La plainte initiale de Jean-Pierre Zablot, datée du 9 janvier, a été révélée par les journalistes Mathias Destal (Marianne) et Marine Turchi (Mediapart) dans le livre Marine est au courant de tout... (Flammarion), paru mercredi.

Payé "au noir"

Surnommé "Z2", Jean-Pierre Zablot se présente dans le livre comme un ex-membre du DPS, le service de sécurité du FN, et comme chauffeur attitré de Jean-Marie Le Pen. "Il m'arrivait de conduire Marine aussi", explique-t-il aux journalistes. Il raconte ses journées-type, à rallonge selon lui, sans "vacances" ni "week-ends", de "l'esclavage moderne", le tout pour 2 000 euros mensuels, payés "au noir".

En avril 2015, d'après le livre, il tombe malade.
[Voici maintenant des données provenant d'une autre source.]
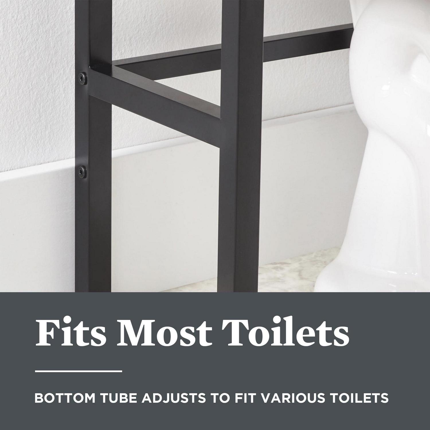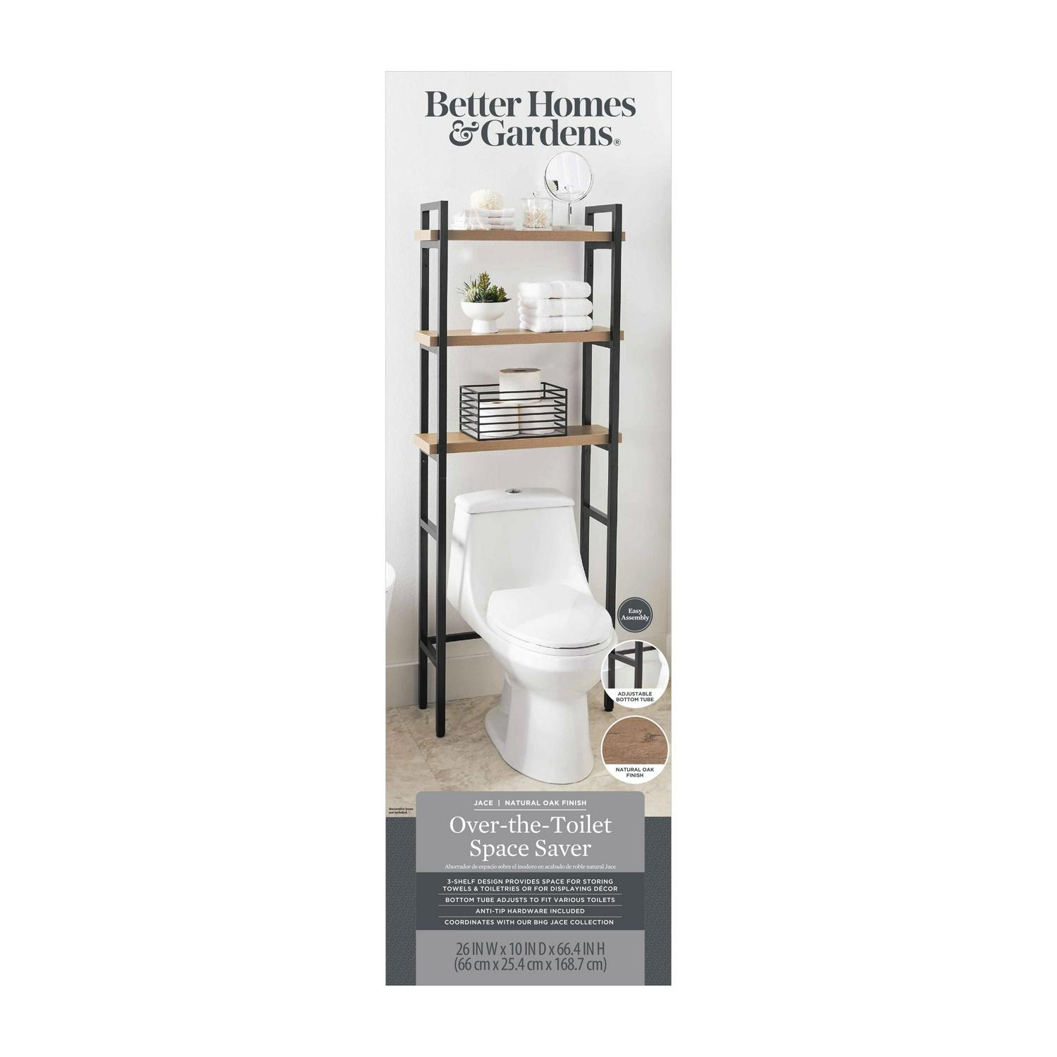 The Better Homes & Gardens Jace Over-the-Toilet Space Saver is proof that efficient bathroom storage does not need to be boring! Sleek and stylish looking, with a sturdy metal frame and engineered wood shelves with a natural oak finish, the Jace space saver is the ideal bath storage solution for almost any sized bathroom. Its 3 shelves provide valuable space for towels, washcloths and toiletries. Or use the space saver’s shelves to display decorative bath decor items. Adults and kids alike will find it useful for reducing bath clutter. The easy-to-assemble space saver’s adjustable bottom tube allows it to fit over various size toilets. The space saver measures 26 in. W by 10 in. D by 66.4 in. H.

Atteint de "graves difficultés pulmonaires, d'insuffisance rénale et d'anémie", le FN se passe de ses services. "J'ai été abandonné comme un chien", accuse-t-il.
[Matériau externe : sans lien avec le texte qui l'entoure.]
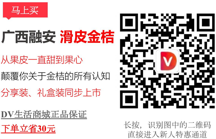 有些吃友或许已经在一些高档超市见过滑皮金桔了,却很少是来自融安的——尽管滑皮金桔从融安诞生,也以融安为品质标杆,但融安不是唯一的产地。小v也吃过其他地方的品种,甜度是够的,但是果皮厚了些,籽多了些,吃起来就少了融安金桔那股子惊天动地、老少通吃的美了。

Le FN "réfute toutes les allégations"

Il raconte toutefois que Nicolas Lesage, directeur de cabinet de Marine Le Pen, lui a annoncé que le FN lui donnerait "10 000 euros". Jean-Marie Le Pen lui a aussi donné "4 000 euros" et Fraternité française, une association dont la présidente d'honneur est la femme de Jean-Marie Le Pen, Jany, lui a donné 7 800 euros. Soit un total de 21 800 euros de promesse et de versements de dons.

D'après les auteurs du livre, le cabinet de l'avocat William Bourdon a adressé une mise en demeure à Marine Le Pen, à la mi-juillet 2016, et reçu une réponse du trésorier du FN, Wallerand de Saint Just. Ce dernier dit "réfuter absolument toutes les allégations de M. Zablot". Toujours d'après les auteurs, c'est Jean-Marie Le Pen qui a poussé Jean-Pierre Zablot à s'adresser au Front national, avec lequel il est en conflit.